■ **Data provided**
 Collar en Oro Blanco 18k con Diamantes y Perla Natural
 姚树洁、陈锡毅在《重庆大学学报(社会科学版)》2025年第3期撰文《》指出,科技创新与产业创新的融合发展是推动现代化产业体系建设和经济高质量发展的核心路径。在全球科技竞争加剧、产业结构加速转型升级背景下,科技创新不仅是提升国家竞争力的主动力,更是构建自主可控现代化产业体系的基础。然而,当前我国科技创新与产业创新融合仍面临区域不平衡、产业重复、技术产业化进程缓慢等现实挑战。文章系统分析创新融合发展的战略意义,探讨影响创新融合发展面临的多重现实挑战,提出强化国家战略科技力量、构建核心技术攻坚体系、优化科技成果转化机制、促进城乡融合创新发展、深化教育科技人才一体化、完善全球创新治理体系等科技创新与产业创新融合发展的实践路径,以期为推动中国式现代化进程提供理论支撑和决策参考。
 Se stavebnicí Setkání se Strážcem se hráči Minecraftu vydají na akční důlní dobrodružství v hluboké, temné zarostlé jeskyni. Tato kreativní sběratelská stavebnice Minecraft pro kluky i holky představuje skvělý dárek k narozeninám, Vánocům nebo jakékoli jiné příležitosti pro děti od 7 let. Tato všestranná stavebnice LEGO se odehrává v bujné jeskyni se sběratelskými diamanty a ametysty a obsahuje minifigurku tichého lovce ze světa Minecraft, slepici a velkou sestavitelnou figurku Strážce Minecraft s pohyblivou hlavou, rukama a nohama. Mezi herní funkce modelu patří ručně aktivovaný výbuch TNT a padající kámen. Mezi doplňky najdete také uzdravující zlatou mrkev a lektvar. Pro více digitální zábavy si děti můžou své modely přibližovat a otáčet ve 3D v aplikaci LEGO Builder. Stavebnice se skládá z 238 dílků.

==

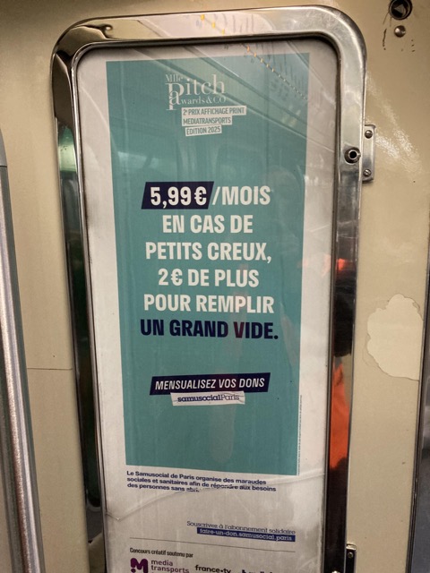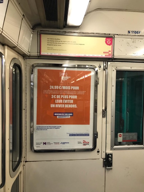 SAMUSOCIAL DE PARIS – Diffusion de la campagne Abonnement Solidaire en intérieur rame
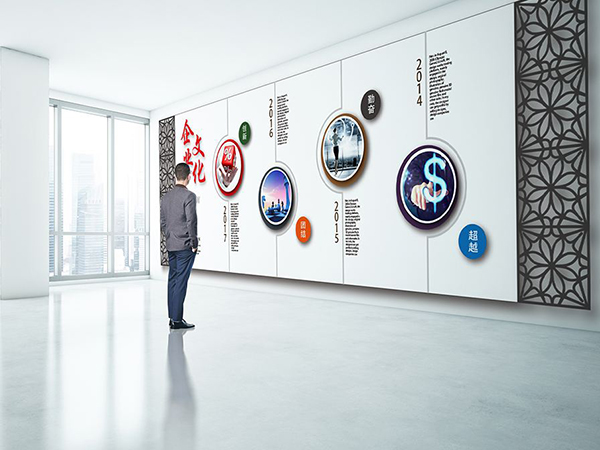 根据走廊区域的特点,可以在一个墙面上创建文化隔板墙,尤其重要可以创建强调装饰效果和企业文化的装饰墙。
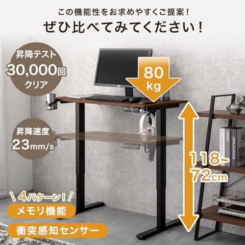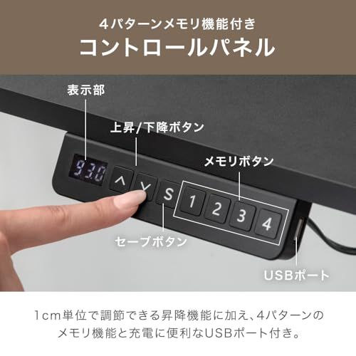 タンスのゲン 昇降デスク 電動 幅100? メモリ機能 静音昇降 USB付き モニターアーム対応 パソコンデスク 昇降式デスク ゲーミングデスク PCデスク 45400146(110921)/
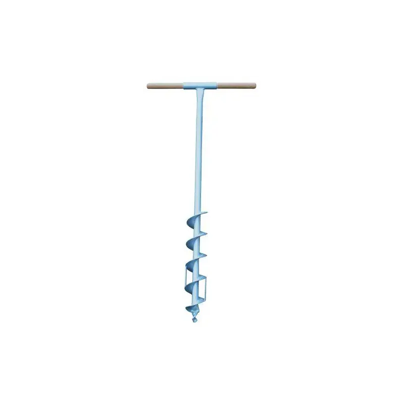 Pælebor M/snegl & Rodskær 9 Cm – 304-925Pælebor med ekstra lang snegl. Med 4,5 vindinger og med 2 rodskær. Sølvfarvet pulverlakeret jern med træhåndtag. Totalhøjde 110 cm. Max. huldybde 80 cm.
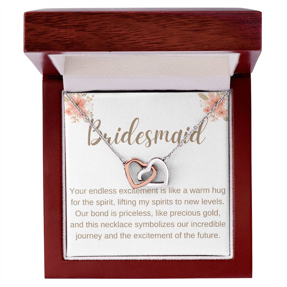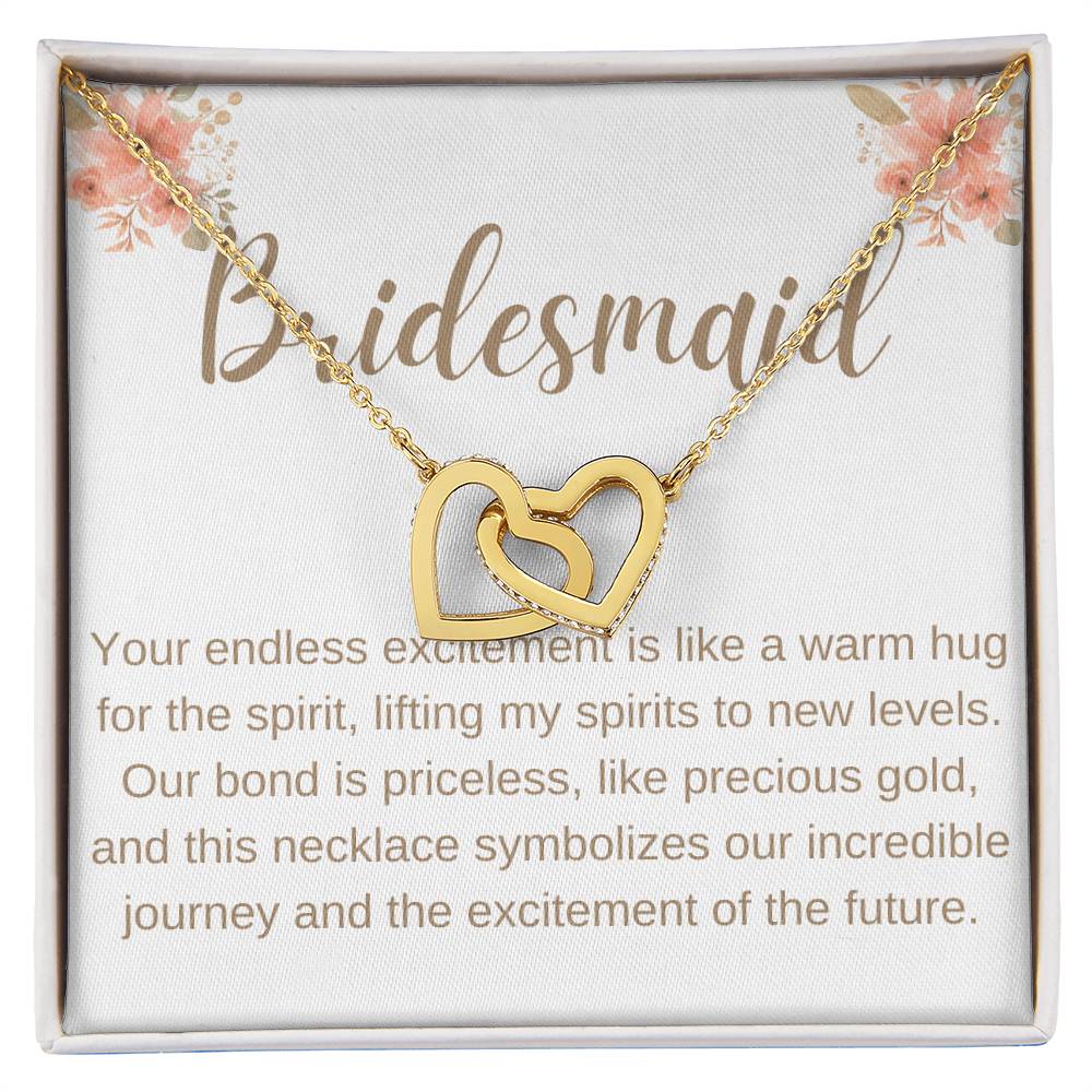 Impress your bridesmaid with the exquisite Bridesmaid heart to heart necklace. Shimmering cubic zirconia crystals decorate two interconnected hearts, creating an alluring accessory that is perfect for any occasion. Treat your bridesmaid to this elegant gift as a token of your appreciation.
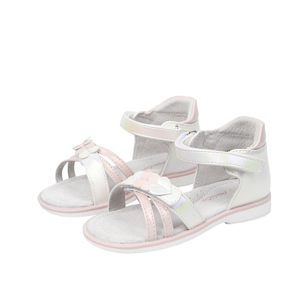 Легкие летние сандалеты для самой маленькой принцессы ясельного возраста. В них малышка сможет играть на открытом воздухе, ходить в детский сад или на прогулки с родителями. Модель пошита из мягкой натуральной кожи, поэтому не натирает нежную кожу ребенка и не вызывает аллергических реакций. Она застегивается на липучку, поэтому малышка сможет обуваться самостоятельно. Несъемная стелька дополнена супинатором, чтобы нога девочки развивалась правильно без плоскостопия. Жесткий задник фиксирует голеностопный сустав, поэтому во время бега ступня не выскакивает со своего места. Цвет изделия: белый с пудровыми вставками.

==

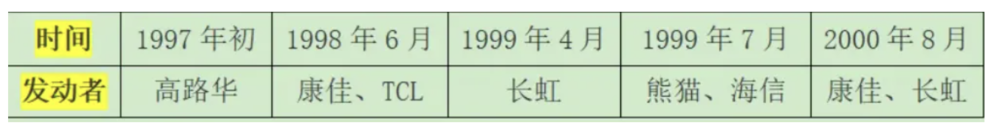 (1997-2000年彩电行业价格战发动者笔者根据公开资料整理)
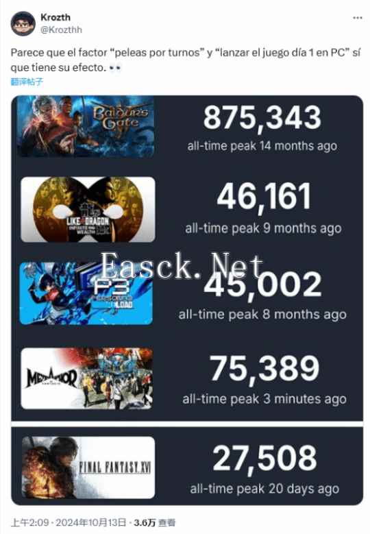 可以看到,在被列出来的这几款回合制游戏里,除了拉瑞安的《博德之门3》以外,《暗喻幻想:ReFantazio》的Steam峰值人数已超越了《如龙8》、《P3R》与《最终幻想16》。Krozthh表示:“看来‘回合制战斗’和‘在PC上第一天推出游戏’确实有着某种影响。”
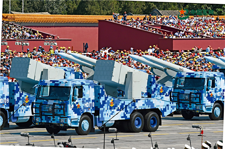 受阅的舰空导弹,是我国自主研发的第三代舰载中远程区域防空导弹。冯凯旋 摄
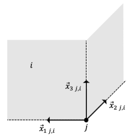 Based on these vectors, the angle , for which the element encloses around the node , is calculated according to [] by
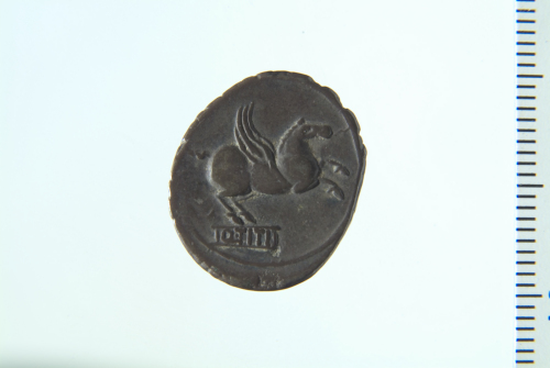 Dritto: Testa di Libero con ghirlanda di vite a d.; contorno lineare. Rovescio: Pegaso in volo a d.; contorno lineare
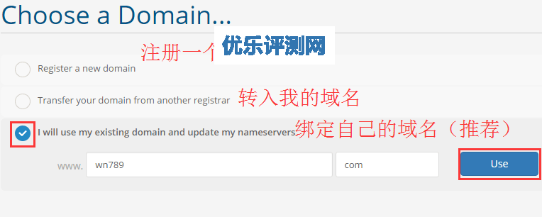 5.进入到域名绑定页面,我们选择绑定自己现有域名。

■ **What is expected**
Would you print exactly the lines in the listing above, from the line bearing "Dritto: Testa di" through the line bearing "5.进入到域名绑定页面,我们选择绑定自己现有域名。", leaving out all pictures?

■ **Completed exercise**
 Dritto: Testa di Libero con ghirlanda di vite a d.; contorno lineare. Rovescio: Pegaso in volo a d.; contorno lineare
 5.进入到域名绑定页面,我们选择绑定自己现有域名。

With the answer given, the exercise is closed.